• WORK ORDER
Within the entries below, output exactly the lines between the line containing "This page presents" and the line containing "최근 서울 성동구 금호2·3가동", inclusive, and omit any picture.

• THE RECORDS
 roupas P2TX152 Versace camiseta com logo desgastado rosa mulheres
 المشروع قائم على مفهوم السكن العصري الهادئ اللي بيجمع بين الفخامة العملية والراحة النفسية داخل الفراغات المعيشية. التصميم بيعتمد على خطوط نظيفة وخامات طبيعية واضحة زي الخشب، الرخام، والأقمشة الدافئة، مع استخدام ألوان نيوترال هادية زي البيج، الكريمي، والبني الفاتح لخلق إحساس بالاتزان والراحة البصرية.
--
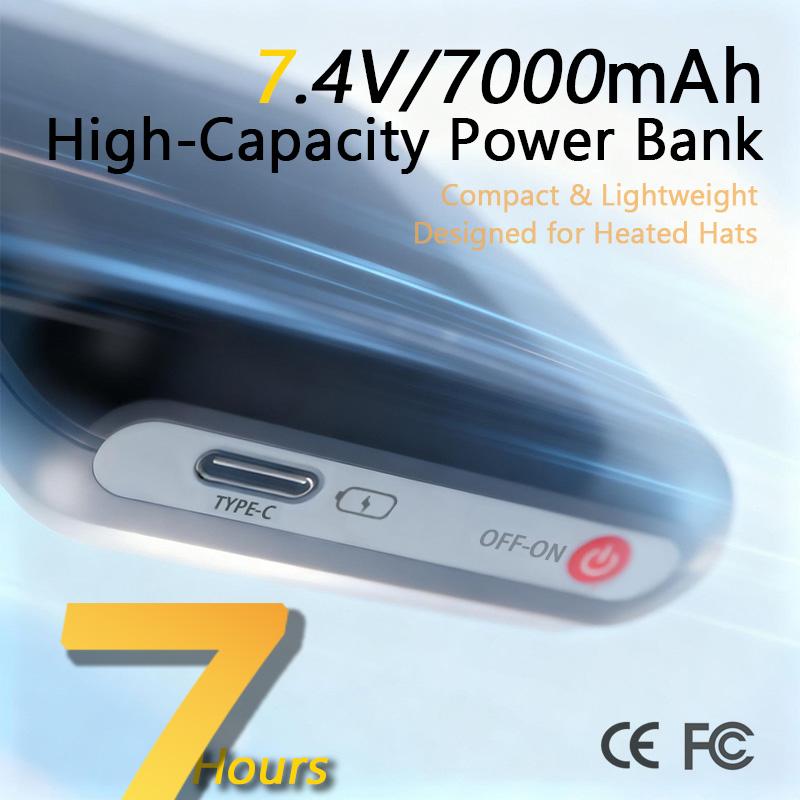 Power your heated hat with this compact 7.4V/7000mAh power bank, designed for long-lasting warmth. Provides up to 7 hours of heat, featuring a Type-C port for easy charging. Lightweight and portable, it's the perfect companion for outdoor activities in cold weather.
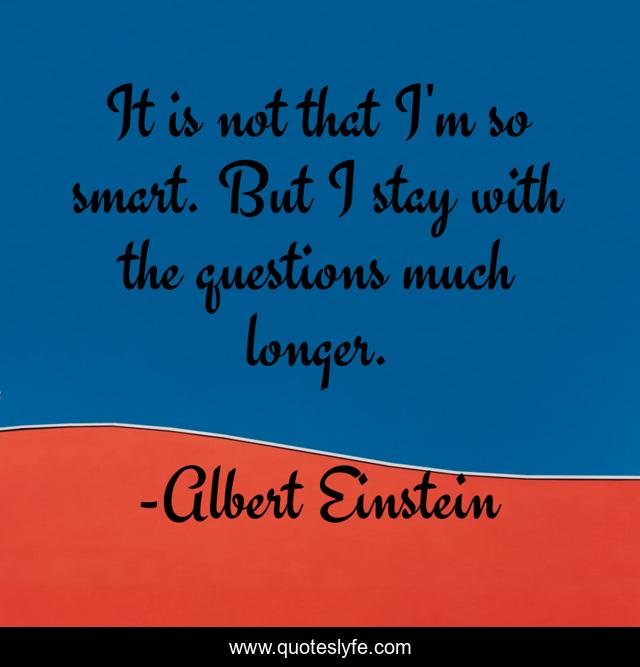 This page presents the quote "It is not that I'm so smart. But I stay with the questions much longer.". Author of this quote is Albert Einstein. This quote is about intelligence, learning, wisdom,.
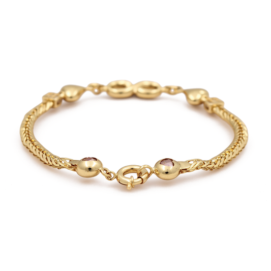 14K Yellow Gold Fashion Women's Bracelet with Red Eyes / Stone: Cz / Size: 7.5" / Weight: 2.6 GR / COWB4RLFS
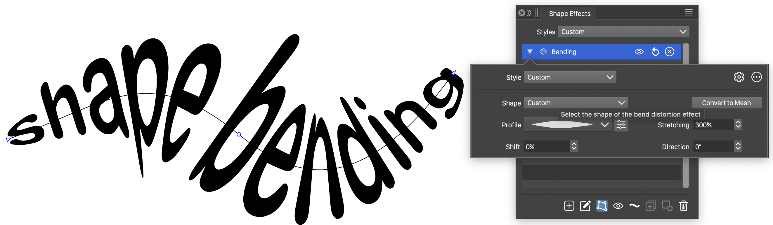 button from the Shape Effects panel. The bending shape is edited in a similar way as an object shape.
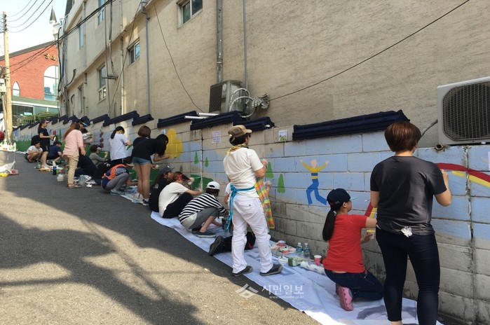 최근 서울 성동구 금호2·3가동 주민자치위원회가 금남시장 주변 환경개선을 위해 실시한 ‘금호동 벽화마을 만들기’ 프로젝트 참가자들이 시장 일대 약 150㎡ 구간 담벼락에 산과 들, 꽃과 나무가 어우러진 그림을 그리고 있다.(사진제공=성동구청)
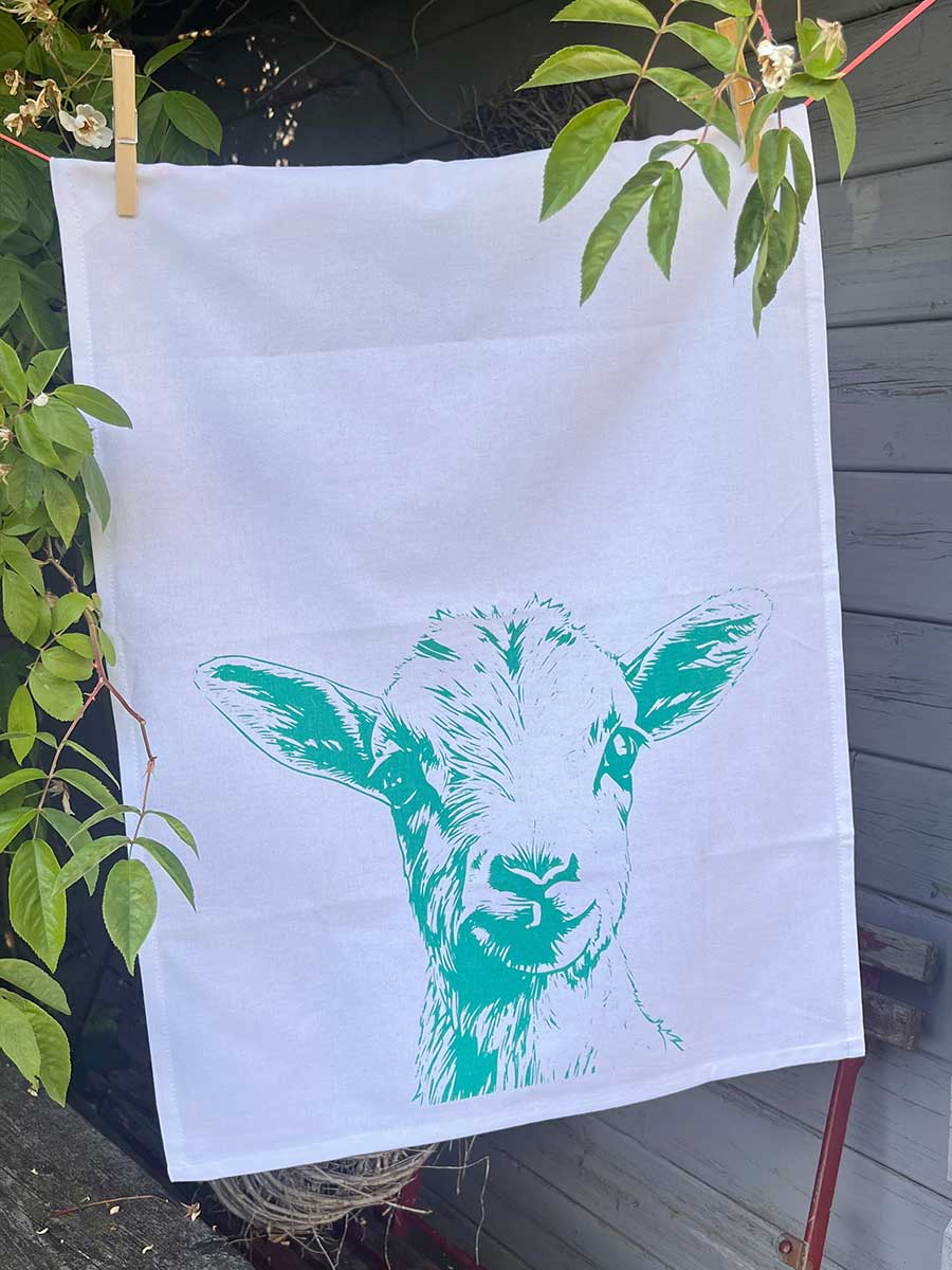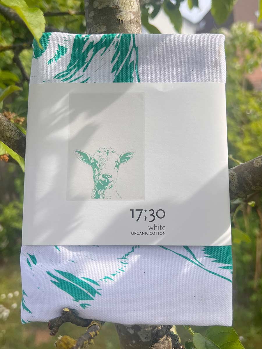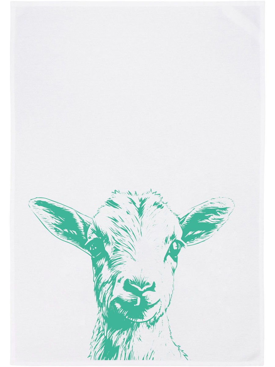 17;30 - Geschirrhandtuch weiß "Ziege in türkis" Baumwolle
...
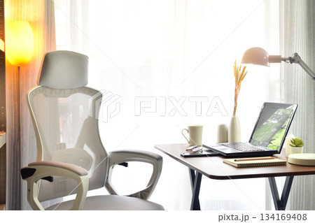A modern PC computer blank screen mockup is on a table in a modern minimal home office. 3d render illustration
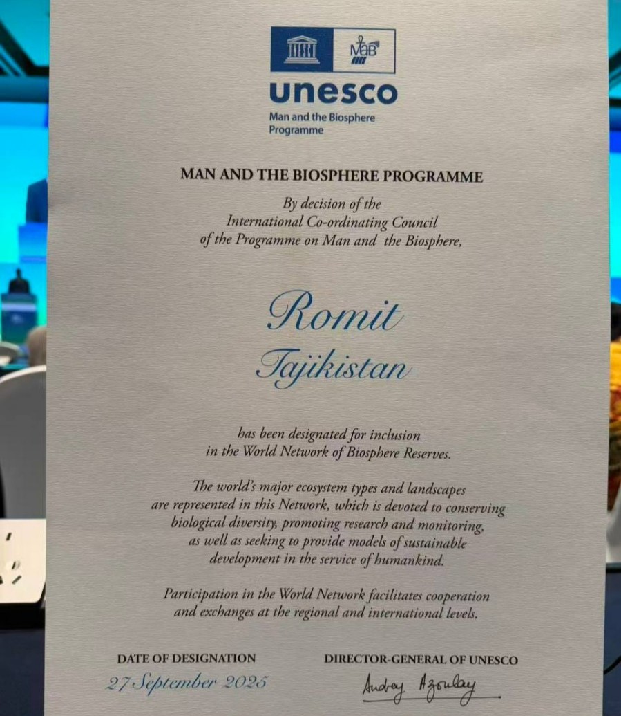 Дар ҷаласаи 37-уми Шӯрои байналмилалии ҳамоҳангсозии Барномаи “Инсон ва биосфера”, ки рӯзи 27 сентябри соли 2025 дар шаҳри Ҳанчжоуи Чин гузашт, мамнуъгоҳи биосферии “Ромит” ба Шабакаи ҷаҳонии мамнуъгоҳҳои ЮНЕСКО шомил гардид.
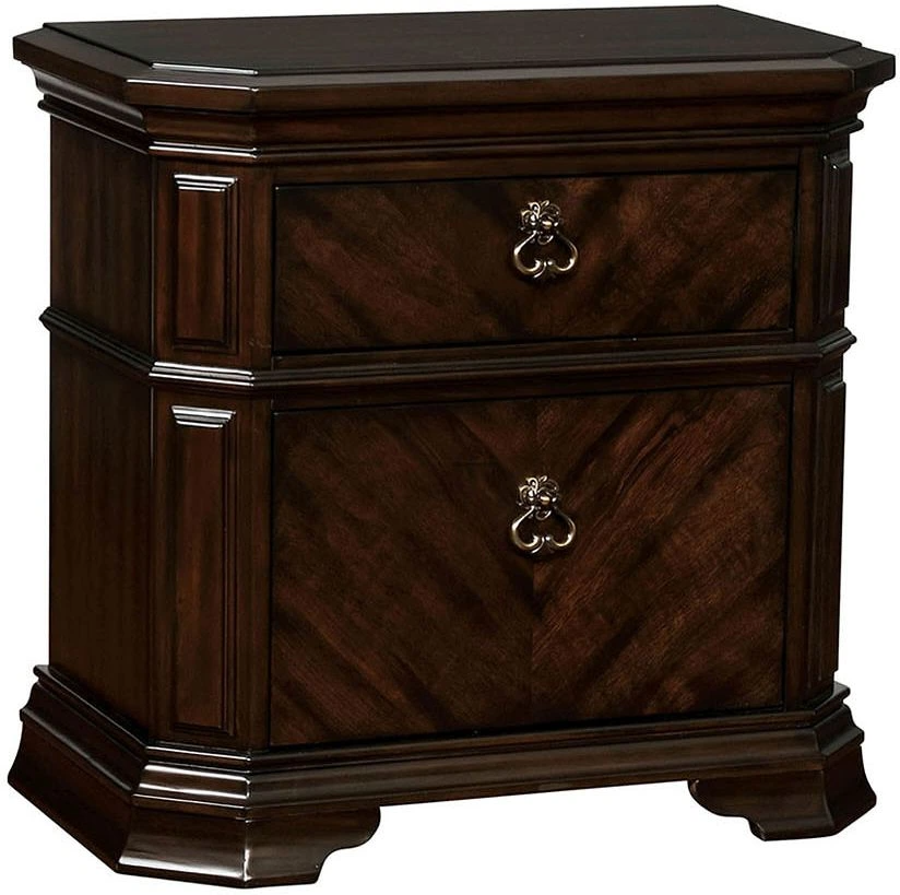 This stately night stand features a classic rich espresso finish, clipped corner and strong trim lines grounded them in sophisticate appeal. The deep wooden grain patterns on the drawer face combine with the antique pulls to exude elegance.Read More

• ANSWER AREA
 This page presents the quote "It is not that I'm so smart. But I stay with the questions much longer.". Author of this quote is Albert Einstein. This quote is about intelligence, learning, wisdom,.
 14K Yellow Gold Fashion Women's Bracelet with Red Eyes / Stone: Cz / Size: 7.5" / Weight: 2.6 GR / COWB4RLFS
 button from the Shape Effects panel. The bending shape is edited in a similar way as an object shape.
 최근 서울 성동구 금호2·3가동 주민자치위원회가 금남시장 주변 환경개선을 위해 실시한 ‘금호동 벽화마을 만들기’ 프로젝트 참가자들이 시장 일대 약 150㎡ 구간 담벼락에 산과 들, 꽃과 나무가 어우러진 그림을 그리고 있다.(사진제공=성동구청)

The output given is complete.